Sometimes we are faced with tasks that seem so large in size that the task takes over our ability to complete to get it done. You might even want to get this job done and you just don’t know where to get started on it. Here are some ways to conquer the toughest thing on your to-do list.

If the size of the task is too much, break it up
Sometimes the hardest part of starting a task is recognizing where to start on it. Begin by breaking it down into sections or stages. This will allow for yourself to see what needs to happen first and what additional resources or research you might need. Performing a breakdown of a large task will also provide you with the ability to see the task from a more approachable angle, boosting your confidence and increasing your motivation to move forward with your work.

Lets say, for the sake of example, you are creating a website. The initial goal of creating a website can seem daunting. This might include things like writing the wireframe, buying the domain, creating content, developing landing pages, providing images, and more! Break down your task into more manageable jobs. As you complete each you will find a sense of motivation to tackle the next step.

Avoid procrastination and create a sense of accomplishment
Never leave a task simply because now is not a good time. Procrastination can be very enticing in the moment but kill your productivity. Speaking on procrastination, Philip Stanhope, 4th Earl of Chesterfield (What a name!) said, “Know the true value of time; snatch, seize, and enjoy every moment of it. No idleness, no laziness, no procrastination: never put off till tomorrow what you can do today.” Tim Urban, a self proclaimed master procrastinator, has a great (and stressful) experience talking at a TED meeting on the very subject of procrastination. Take the time to check it out, you will not be disappointed.

One of the best ways to gain momentum on a project is to simply start with the small manageable tasks. Completing tasks provide a feeling of control and accomplishment and will often motivate you to continue creating more positive outcomes.

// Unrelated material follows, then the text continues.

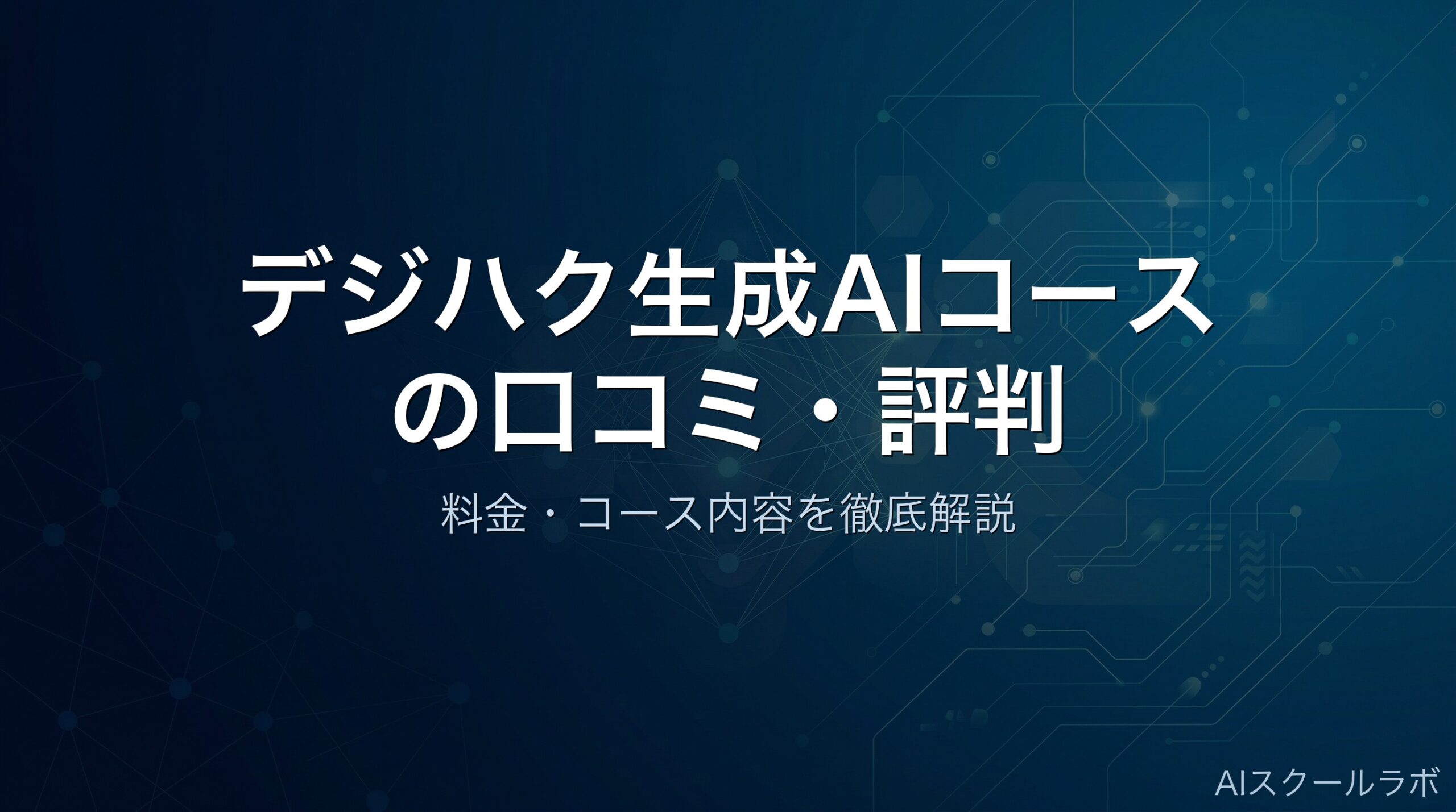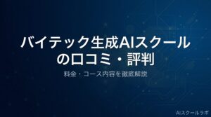 本記事では、デジハク生成AIスクールについて、受講者のリアルな口コミ・評判をもとに、料金体系、カリキュラム内容、サポート体制まで徹底的に解説します。

Complete one step at a time with a time table
Big projects usually take big portions of time. Something I found myself saying in my high-school days went like this, “If I’d started the project two weeks ago, I’d be done by now.” When given a large task, plan accordingly. Allow for yourself the time to do the work piece by piece. Assign dates to each step and hold yourself accountable to the timeline you have set for yourself. As soon as you get the sense of accomplishment that comes from completing the first small task, you’re well on your way to the next task. By focusing on one small part of your big project each day, building on the positive outcomes, it doesn’t take long for the big project to become a manageable sized project, on the way to a nearly completed project and finally a done project.